The lines to return run from the one containing "In Progress: an" through the end of the material; give them exactly and leave out the pictures.

(DATA SECTION):
--- START ---
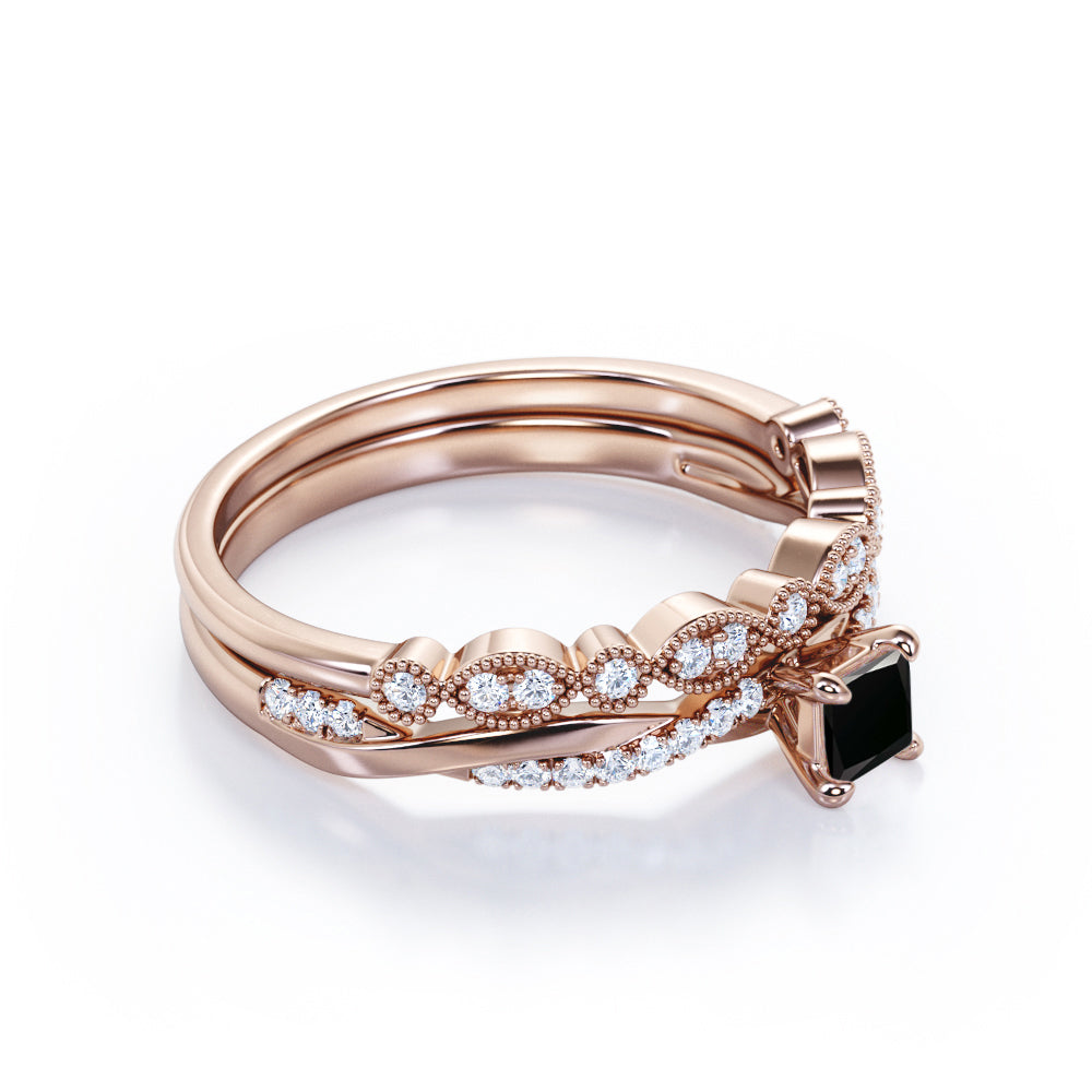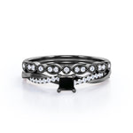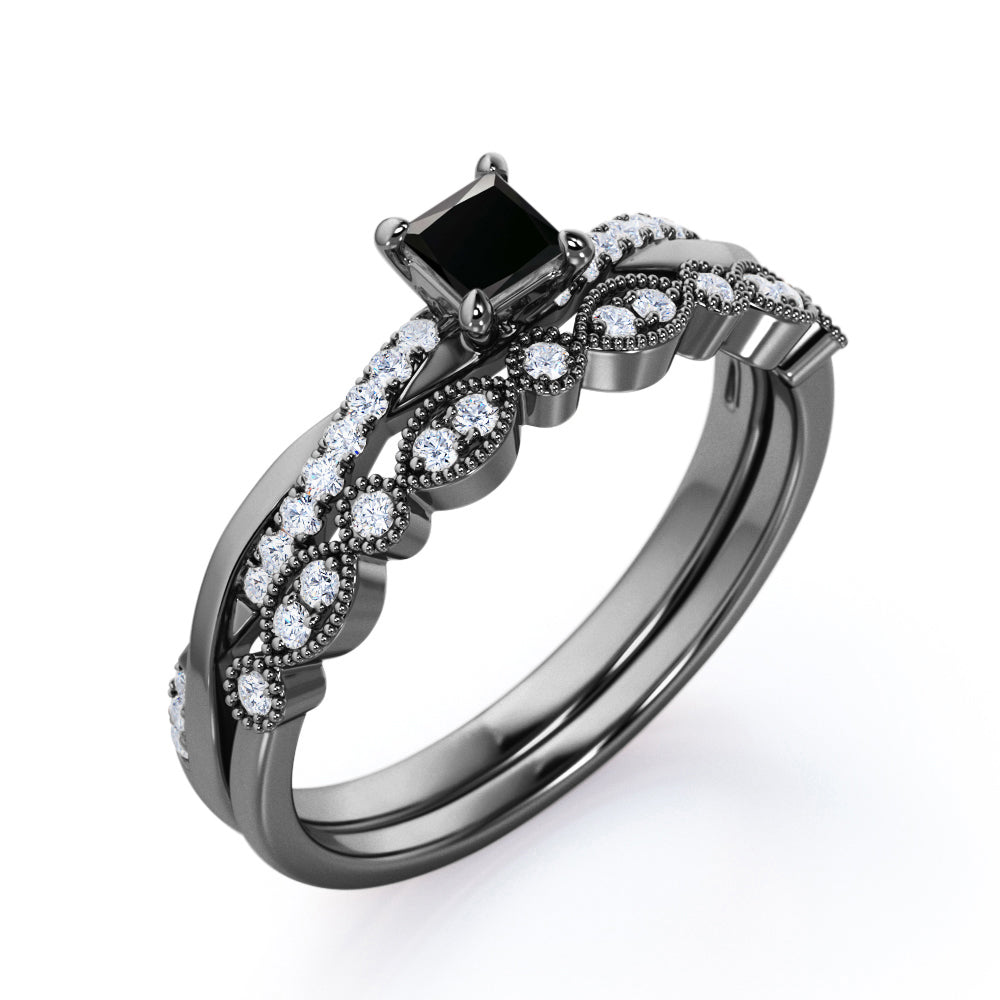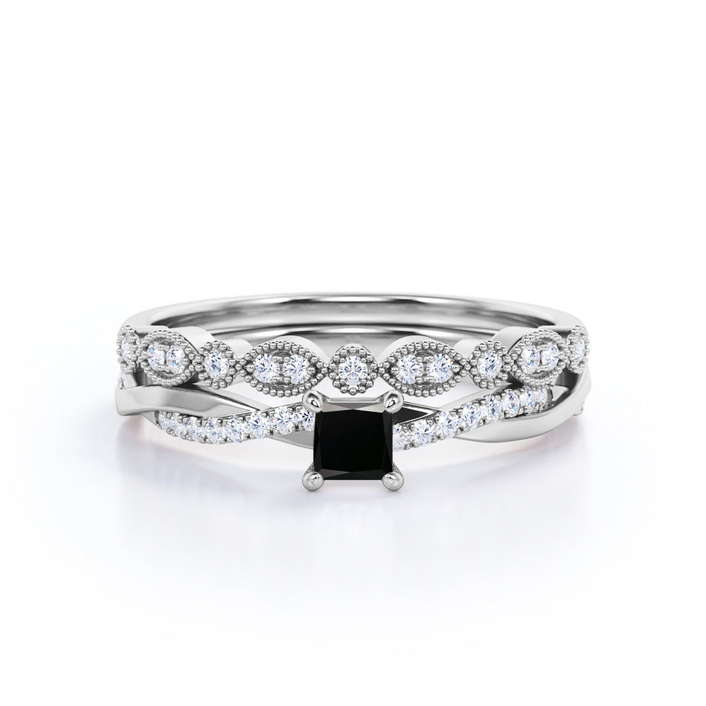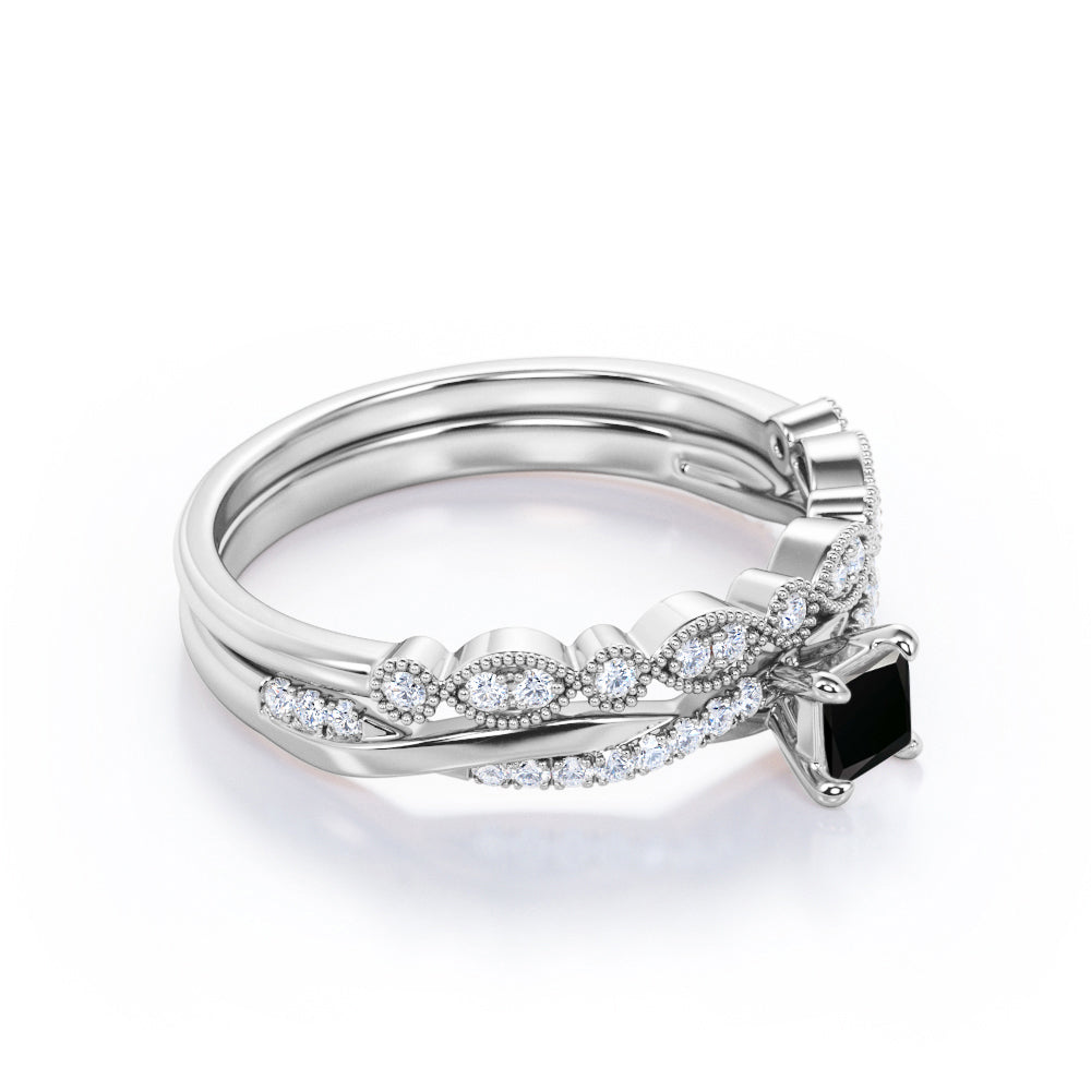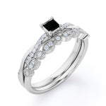 1.3 carat princess cut Lab Grown Black Diamond four prong infinity bridal set in white gold. Can’t take off your eyes from this divine wedding ring set? Make it all yours by purchasing our princess cut Lab Grown Black Diamond infinity bridal set in white gold. This princess cut ring features 1 carat Lab Grown Black Diamond at the center and is surrounded by 0.3 carat of side diamonds inclusive of the matching wedding band. This infinity ring will add a touch of sophistication in your ensemble. The pave set Lab Grown Black Diamonds in this ring radiates strong brilliance and they will look fabulous in your fingers for years to come. This 1.3 carat princess cut Lab Grown Black Diamond four prong infinity bridal set in white gold can also be customized to 10k Gold, 14k Gold depending upon your choice.
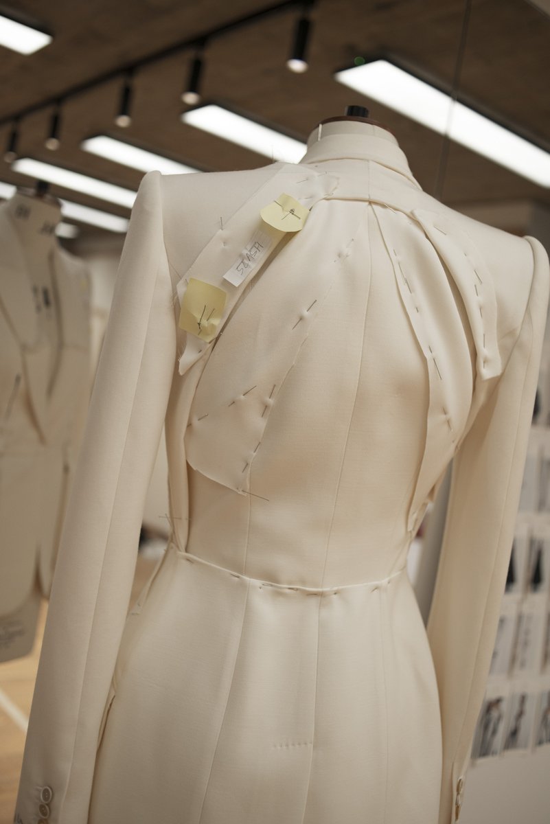 In Progress: an ivory wool tailored jacket with cut out harness detailing. Discover the
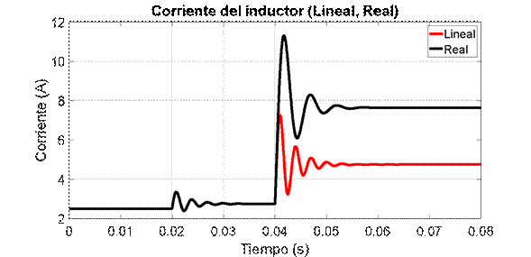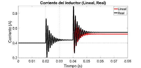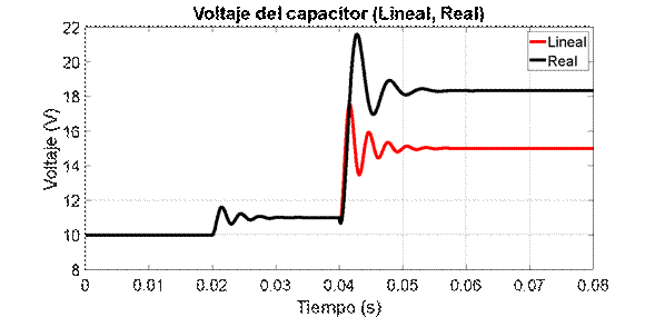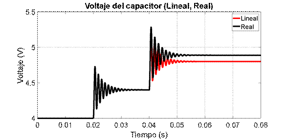 Estas ganancias dependen de las condiciones de operación, es decir del voltaje en el condensador y de la corriente por la bobina, esto hará que el modelo lineal tenga problemas de estado estacionario ante esta entrada, lo cual se evidenció también en las Figuras 4a, 4b, 5a y 5b.
--- END ---
(PROBLEM SOLUTION):
 In Progress: an ivory wool tailored jacket with cut out harness detailing. Discover the
 Estas ganancias dependen de las condiciones de operación, es decir del voltaje en el condensador y de la corriente por la bobina, esto hará que el modelo lineal tenga problemas de estado estacionario ante esta entrada, lo cual se evidenció también en las Figuras 4a, 4b, 5a y 5b.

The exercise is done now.